I really interesting in non relational databases, but due the many reason familiar only with the small part of it. So I want to list all NoSQL technologies you use with basic use cases, pros and cons.
If you have some specific issues during the work with some technologies, interesting experience, etc. you are welcome to share it with community.
Personally I worked with:
Mongodb:
Usecases: For my opinion is one of the best if you need good aggregation features, automatic replication. Good in scale. Have many features which allow using it like everyday use database and if for some reason you don't want to use SQL solution - Mongo could be the great choice. Also mongo is great if you need dynamic queries. And also mongodb support indexing - it's also important feature.

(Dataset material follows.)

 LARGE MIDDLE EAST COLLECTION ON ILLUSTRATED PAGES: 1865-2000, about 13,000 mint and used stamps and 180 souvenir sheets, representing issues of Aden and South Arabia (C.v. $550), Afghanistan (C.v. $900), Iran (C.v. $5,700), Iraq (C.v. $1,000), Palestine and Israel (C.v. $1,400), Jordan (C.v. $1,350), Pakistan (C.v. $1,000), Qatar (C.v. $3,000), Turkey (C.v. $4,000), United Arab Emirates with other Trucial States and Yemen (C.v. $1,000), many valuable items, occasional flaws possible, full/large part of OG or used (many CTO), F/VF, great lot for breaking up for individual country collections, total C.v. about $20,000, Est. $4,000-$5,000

Pros: Fast, good scale, easy to use, internal geospatial Indexes
Cons: Comparatively slow write operation, blocking atomic operation could make a lot of problems. Memory consuming process could "eat" all available memory.
Couchdb:
Usecases: I use it in Wiki liked project and I think for that cases is the perfect database. The fact that each document automatically saves in new revision during update helps to see all the changes. For accumulating, occasionally changing data, on which pre-defined queries are to be run.
Pros: Easy to use, REST oriented interface, versions.

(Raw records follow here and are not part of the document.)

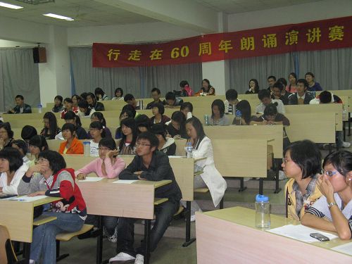 2009年11月5日,永利yl23411官网以“行走在60周年”为主题的朗诵演讲赛在人文楼203教室举行。北校广播台前任播音部部长王玮、《温大青年》主编姚嘉雯、永利yl23411官网员工会主席吴剑波担任本次比赛的评委。
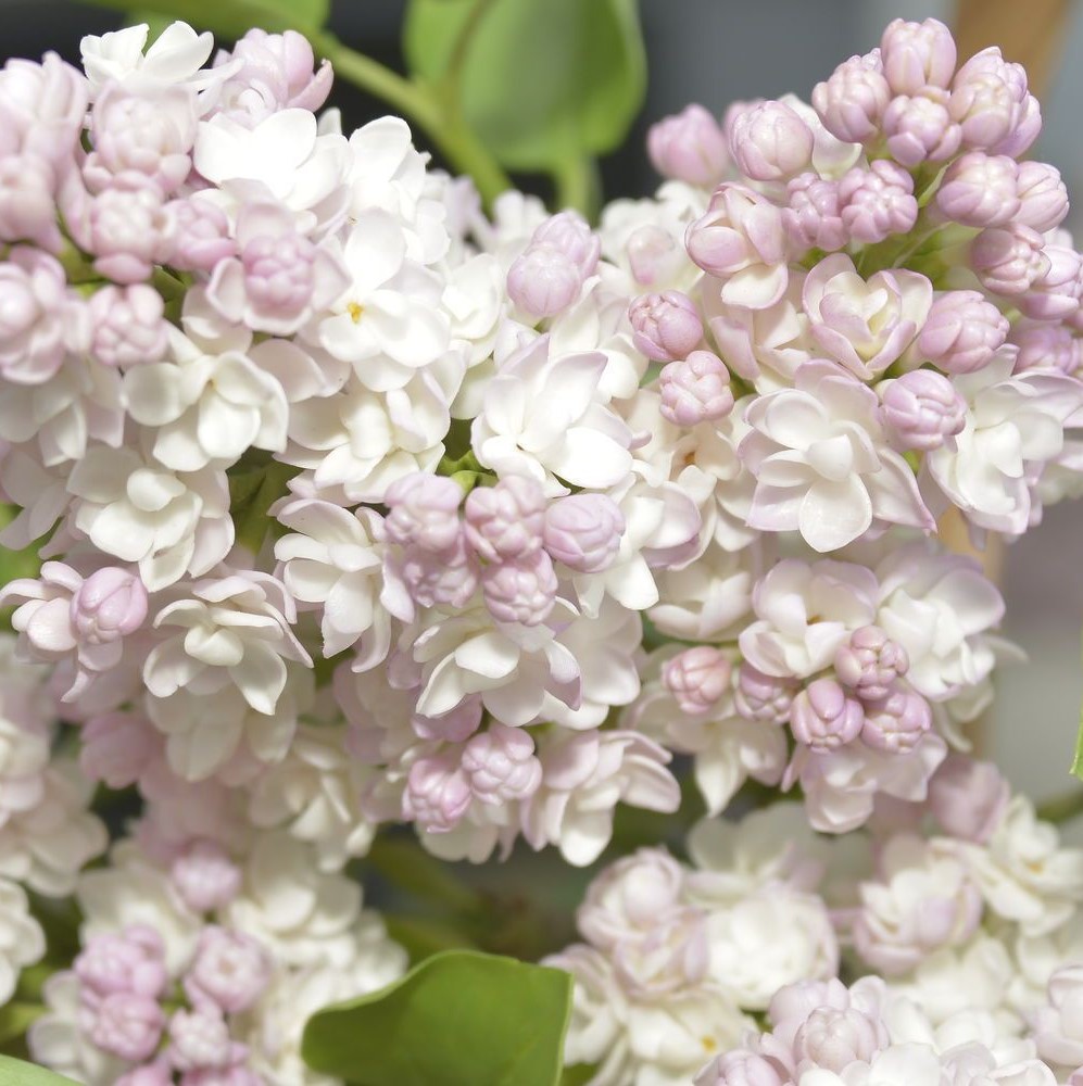 У сирени Красавица Москвы цветы очень похожи на полиантовые розочки, бутоны крупные, шаровидной формы. Оттенок розовато-белый с перламутровым отливом.
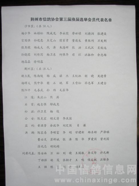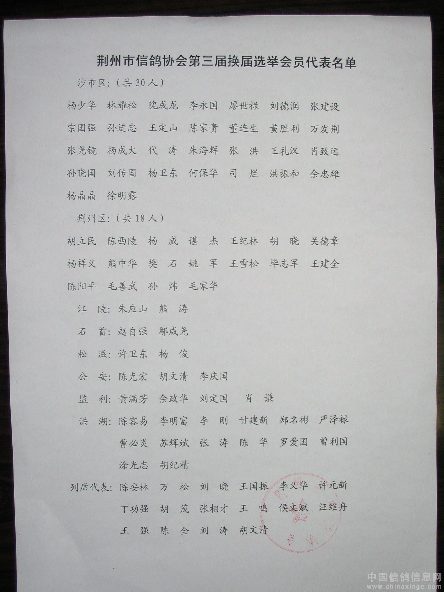 参加荆州市信鸽协会第三届换届选举会员代表名单
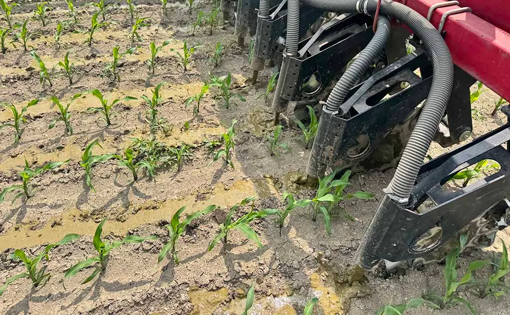This system supports efficient nutrient management by applying manure directly during active crop growth, improving utilization and reducing nutrient loss in modern farming operations.

Cons: Problem with performance when amount of docs is quite huge (more than half a million), a bit pure query features (could be solving with adding Lucene)
SimpleDB:
Usecases: This is dataservice from Amazon, the cheapest from the all stuff they provide. Very limited in features so the main use case is using it if you want to use Amazon service, but paying as less ass possible.

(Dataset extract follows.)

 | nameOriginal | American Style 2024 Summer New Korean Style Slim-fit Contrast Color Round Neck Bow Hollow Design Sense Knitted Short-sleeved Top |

Pros: Cheap, all data stored like text - simple to operate, easy to use.
Cons: Very much limitation (document size, collections size, attribute count, attribute size). The way that all data stored like a text also creating additional problems during sorting by date or by number (because it use lexicographical sorting, which need some workaround when saving date or numbers).
Cassandra
Cassandra is perfect solution if writing is your main goal, it's designed to write a lot (in some cases writing could be faster then reading), so it's perfect for logging. Also it very useful for data analysis. Except that Cassandra have built in geographical distribution features.
Strengths Supported by Apache (good community and high quality), fast writing, no single point for failure. Easy to manage when scale (easy to deploy and enlarge cluster).
Weaknesses indexes implementation have problems, querying by index have some limitation, and if you using indexes inserting performance decrease. Problems with stream data transfering.